First boot creates both the database and the schema.
```bash
export POSTGRES_URI="postgresql://postgres@localhost/docsgpt"
flask --app application/app.py run --host=0.0.0.0 --port=7091
```
Prefer a dedicated non-superuser role? Create it once as superuser — the
app never creates roles.
```sql
CREATE ROLE docsgpt LOGIN PASSWORD 'docsgpt' CREATEDB;
-- Then: POSTGRES_URI=postgresql://docsgpt:docsgpt@localhost/docsgpt
```
## How auto-bootstrap works
Two env vars control startup behavior. Both default to `true` in the
app and are idempotent.
| Setting | Effect | Requires |
| --- | --- | --- |
| `AUTO_CREATE_DB` | If the target database is missing, connects to the server's `postgres` maintenance DB and issues `CREATE DATABASE`. | `CREATEDB` privilege (or superuser) |
| `AUTO_MIGRATE` | Runs `alembic upgrade head` against the target database. | Table-owner or superuser on the target DB |
Concurrent workers serialize through `alembic_version`, so rolling
restarts are safe. If the role lacks the required privilege, startup
fails fast with a clear error rather than silently skipping.
<Callout type="info" emoji="">
Convenient in dev. In production, disable both and run migrations as
an explicit step — see [Production hardening](#production-hardening).
</Callout>
## Production hardening
Set both flags to `false` in prod and run migrations as a gated,
auditable step before rolling out the app.
```env
AUTO_MIGRATE=false
AUTO_CREATE_DB=false
```
Run migrations from your CI/CD pipeline, a Kubernetes `Job`, or an
init-container ahead of the app rollout:
```bash
python scripts/db/init_postgres.py
# equivalently:
alembic -c application/alembic.ini upgrade head
```
The reasoning: the app's runtime role shouldn't carry DDL privileges,
migrations should gate each rollout, and an explicit step is
auditable — implicit first-boot bootstrap is fine for dev but muddies
prod deploys.
<Callout type="warning" emoji="⚠️">
Migrations are not reversible by the app.

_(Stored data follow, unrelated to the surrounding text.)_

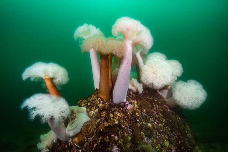 Another favorite dive site is Manomi’s Rocks, a dive site I discovered and is named after my wife. This site is an amazing forest of large 3 to 4 feet towering plumose anemones on top of a large rock formation a few feet below the surface at low tide and an interesting underwater sloping ledge full of life leading down to a large sea grass meadow with more plumose anemones.
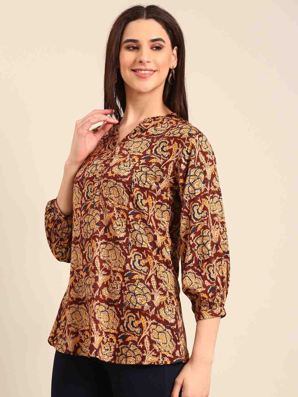 Elevate your wardrobe with our women premium rayon printed tops, crafted for both style and comfort. Featuring a chic hip-length cut, these tops showcase vibrant, eye-catching prints that effortlessly transition from day to night. The soft, breathable rayon fabric drapes beautifully, offering a flattering fit for every body type. Perfect for adding a touch of elegance to any outfit.
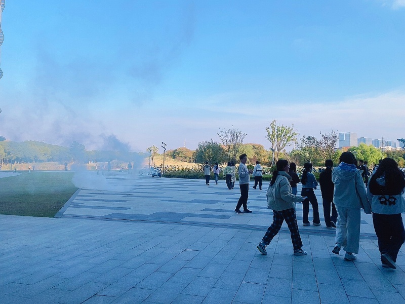 11月10日15时许,项目部提前通过广播提醒:听到火情广播时请勿惊慌,需配合工作人员有序疏散。15时30分,工作人员在指定点位点燃模拟火情烟雾弹,模拟火灾警报随即响起,实验楼一期演练正式启动。项目部及保卫处消防科人员第一时间响应,迅速切断楼内电源,启动应急广播引导师生保持冷静、有序撤离。疏散引导员在大楼出入口、楼梯口等关键位置值守,指引人员用湿毛巾捂住口鼻、低姿弯腰,沿安全通道快速撤离。仅用时3分钟,楼内所有人员便全部安全疏散至指定集合区域,随后防火门缓缓下降并完全关闭。
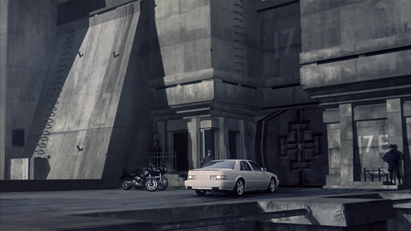 Начало фильма сопровождается субтитрами и закадровым голосом, который вводит нас в курс мироустройства. И когда я смотрел этот фильм первый раз, то начало мой разум старался интерпретировать как нечто правильное. Вроде как не могут же главные действующие лица быть плохими. Но после кадров задержания нескольких гражданских и, собственно, причины их задержания я подумал, что что-то тут не так. Юн был. Не сразу ухватывал суть.

Always back up production
Postgres before running `alembic upgrade head` on a new release.
</Callout>
## Migrating from MongoDB
One-shot, offline, app stopped. The app itself will create the
Postgres schema when it boots — you only need to run the data copy.
```bash
pip install -r application/requirements.txt
pip install 'pymongo>=4.6'
export POSTGRES_URI="postgresql://docsgpt:docsgpt@localhost:5432/docsgpt"
export MONGO_URI="mongodb://user:pass@host:27017/docsgpt"
python scripts/db/backfill.py --dry-run # preview
python scripts/db/backfill.py # real run
# or: python scripts/db/backfill.py --tables users,agents
```
Then unset `MONGO_URI` and start the backend — nothing consults Mongo
in the default path anymore. The backfill is idempotent (per-table
`ON CONFLICT` upserts, event-log tables deduped via `mongo_id`), so
re-running is safe and re-syncs any drifted rows. Keep Mongo online
until you've verified Postgres is complete; decommission afterwards
unless you still use it as a vector store.
<Callout type="warning" emoji="⚠️">
No dual-write window and no runtime flag — on the current version,
Postgres is the only user-data store the backend reads or writes.
</Callout>
## Troubleshooting
- **`relation "..." does not exist`** — schema not applied. Either let
the app bootstrap it (`AUTO_MIGRATE=true`) or run
`python scripts/db/init_postgres.py`.
- **`permission denied to create database`** — the role lacks
`CREATEDB`. As superuser: `ALTER ROLE <name> CREATEDB;`. Or create
the database manually and set `AUTO_CREATE_DB=false`.
- **`role "docsgpt" does not exist`** — roles are never auto-created.
As superuser: `CREATE ROLE docsgpt LOGIN PASSWORD '...';`.
- **SSL errors on a managed provider** — append `?sslmode=require` to
`POSTGRES_URI`.
- **`ModuleNotFoundError: pymongo`** — `pip install 'pymongo>=4.6'`
(only needed for the one-shot Mongo backfill).